Ich habe einen Text gefunden, darüber wie man mit diesen Spannungen umgeht. Eine Art postmodernen Psalm.

Fahradspiritualität

„Immer weiter!“, sagst du, Gott, zu uns
in allen Kurven des Evangelium.
Um die Richtung auf dich zu behalten,
müssen wir immer weitergehen,
selbst wenn unsere Trägheit verweilen möchte.

Du hast dir für uns
ein seltsames Gleichgewicht ausgedacht, ein Gleichgewicht,
in das man nicht hineinkommt
und das man nicht halten kann,
es sei denn in der Bewegung,
im schwungvollen Voran.

Es ist wie mit einem Fahrrad,
das sich nur gerade hält,
wenn es fährt;
es lehnt schief an der Wand,
bis man es zwischen die Beine nimmt
und davonbraust.

Alle Heiligen, die uns als Vorbilder gegeben sind,
oder zumindest viele davon,
lebten nicht ohne “Versicherung”, einer Art “geistlicher Krankenkasse”,
die sie schützte gegen Gefahren und Krankheit,
und die sogar ihre geistlichen Kinder mit einbezog.
Sie hatten feste Gebetszeiten, bestimmte Bußübungen,
eine ganze Sammlung von Ratschlägen und Verboten.
Aber für uns spielt das Abenteuer deiner Gnade in einer Zeit,
die fast aus der Bahn gerät in ihrem Drang nach Freiheit.
Uns willst du keine Landkarte geben.

„Du willst uns keine Landkarte zur Orientierung geben.
Unser Weg soll durch die Nacht führen.
Kommt eine neue Strecke, leuchtet ein Licht auf,
wie die Lampe eines Signals.
Oft ist das einzige, was sich sicher einstellt,
eine regelmäßige Müdigkeit aufgrund derselben Arbeit,
die täglich zu leisten ist, desselben Haushalts,
der immer wiederkehrt, derselben Fehler,
die zu bekämpfen sind, derselben Dummheiten,
die wir vermeiden sollten”

 ZWISCHENSPIEL

Es gibt ja im christlichen Glauben zahlreiche Spannungen. Oft wird man vor Alternativen gestellt: willst Du einen weltzugewandten Glauben leben oder einen gottzugewandten? Willst Du dein Leben dem Engagement für Gerechtigkeit widmen oder der Spiritualität? Willst Du liberal sein oder konservativ? Willst Du in der Welt leben oder eher der Welt kritisch gegenüberstehen? Willst Du dich darauf konzentrieren Gott zu lieben oder deinen Nächsten?

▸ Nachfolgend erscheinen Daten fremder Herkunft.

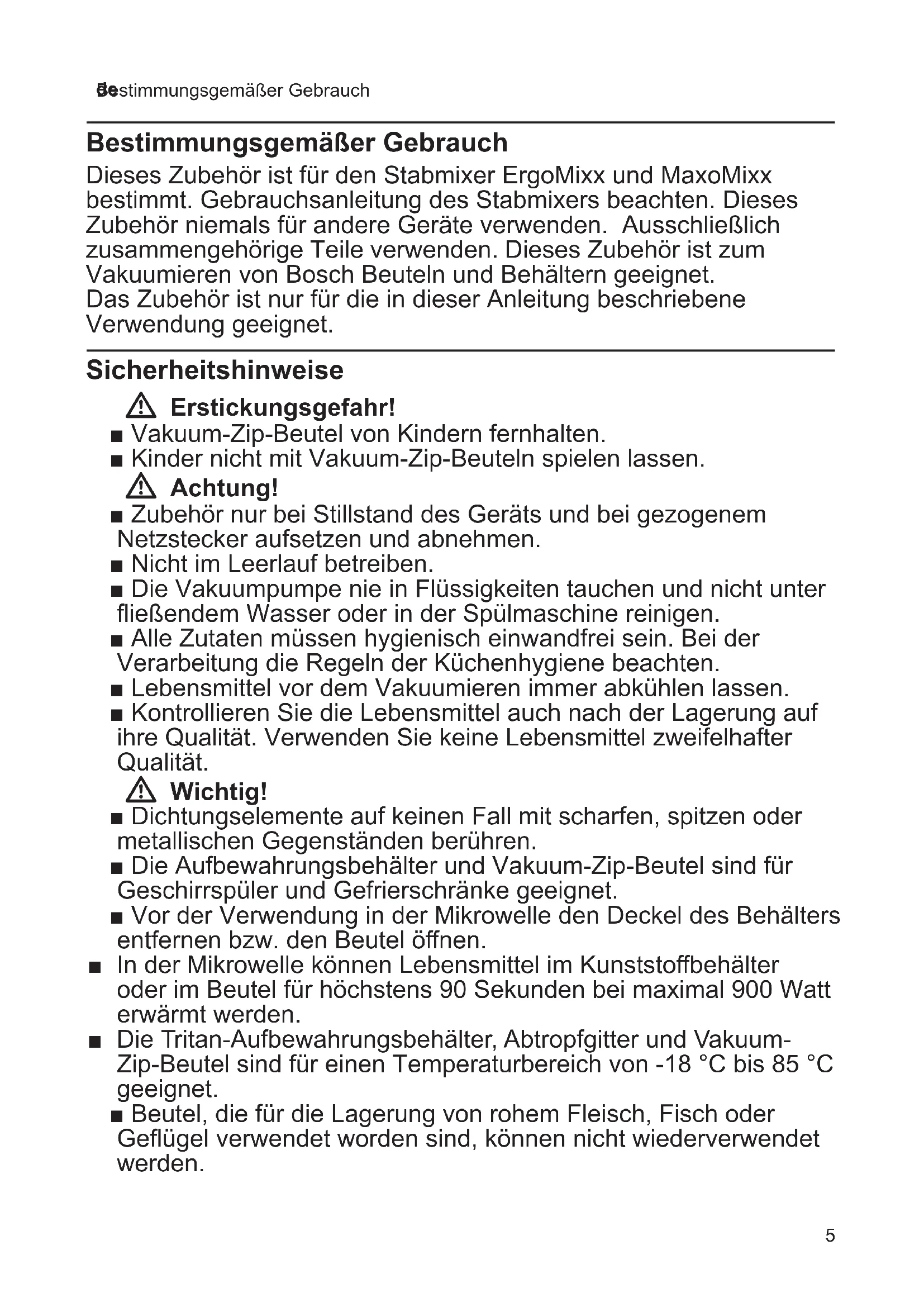 Bestimmungsgemäßer Gebrauch Bestimmungsgemäßer Gebrauch Dieses Zubehör ist für den Stabmixer ErgoMixx und MaxoMixx bestimmt. Gebrauchsanleitung des Stabmixers beachten. Dieses Zubehör niemals für andere Geräte verwenden. Ausschließlich zusammengehörige Teile verwenden. Dieses Zubehör ist zum Vakuumieren von Bosch Beuteln und Behältern geeignet. Das Zubehör ist nur für die in dieser Anleitung beschriebene Verwendung geeignet. Sicherheitshinweise W Erstickungsgefahr! ■ Vakuum-Zip-Beutel von Kindern fernhalten. ■ Kinder nicht mit Vakuum-Zip-Beuteln spielen lassen. W Achtung! ■ Zubehör nur bei Stillstand des Geräts und bei gezogenem Netzstecker aufsetzen und abnehmen. ■ Nicht im Leerlauf betreiben. ■ Die Vakuumpumpe nie in Flüssigkeiten tauchen und nicht unter ießendem Wasser oder in der Spülmaschine reinigen. ■ Alle Zutaten müssen hygienisch einwandfrei sein. Bei der Verarbeitung die Regeln der Küchenhygiene beachten. ■ Lebensmittel vor dem Vakuumieren immer abkühlen lassen. ■ Kontrollieren Sie die Lebensmittel auch nach der Lagerung auf ihre Qualität. Verwenden Sie keine Lebensmittel zweifelhafter Qualität. W Wichtig! ■ Dichtungselemente auf keinen Fall mit scharfen, spitzen oder metallischen Gegenständen berühren. ■ Die Aufbewahrungsbehälter und Vakuum-Zip-Beutel sind für Geschirrspüler und Gefrierschränke geeignet. ■ Vor der Verwendung in der Mikrowelle den Deckel des Behälters entfernen bzw. den Beutel önen. ■ In der Mikrowelle können Lebensmittel im Kunststobehälter oder im Beutel für höchstens 90 Sekunden bei maximal 900 Watt erwärmt werden. ■ Die Tritan-Aufbewahrungsbehälter, Abtropfgitter und Vakuum- Zip-Beutel sind für einen Temperaturbereich von -18 °C bis 85 °C geeignet. ■ Beutel, die für die Lagerung von rohem Fleisch, Fisch oder Geügel verwendet worden sind, können nicht wiederverwendet werden.6 de Sicherheitshinweise Auf einen Blick X Bild A 1 Vakuumpumpe a Vakuum-Ventil b Anschluß für Grundgerät 2 Aufbewahrungsbehälter * a Behälter aus: – Tritan-Kunsto * – Glas * b Abtropfgitter * c Deckel d Verschluss-Clips e Vakuum-Verschluss f Vakuum-Anzeige g Einstellringe für Datum (Tag/Monat) h Deckeldichtung 3 Vakuum-Zip-Beutel * a Zip-Verschluss b Markierungslinie max c Vakuum-Verschluss

Ich habe den Eindruck, dass man diese Alternativen zurückweisen muss. Das ist kein „entweder – oder“, sondern eine Spannung. Aber es geht auch nicht darum, irgendwelche Mittelwege zu gehen. Irgendwie gilt es beide Wege so ganz zu gehen.

Aber wie soll das funktionieren?

Madeleine Delbrel verwendet das Bild des Fahrradfahrens. Beim Fahrradfahren kann man das Gleichgewicht nicht halten, wenn man sich nicht bewegt. Auch beim Glauben scheint mir dieses Gleichgewicht unmöglich zu sein, wenn man nicht mit seinem ganzen Leben in Bewegung ist.

Sie beschreibt aber den Glauben in der heutigen Zeit als ein Fahradfahren im Dunkeln. Für unsere Zeit, so sagt sie, funktionieren viele Althergebrachte Rezepte nicht mehr. Es gibt keine „geistliche Krankenkasse“, keine Versicherung, keine festen Formen, die einfach so funktionieren.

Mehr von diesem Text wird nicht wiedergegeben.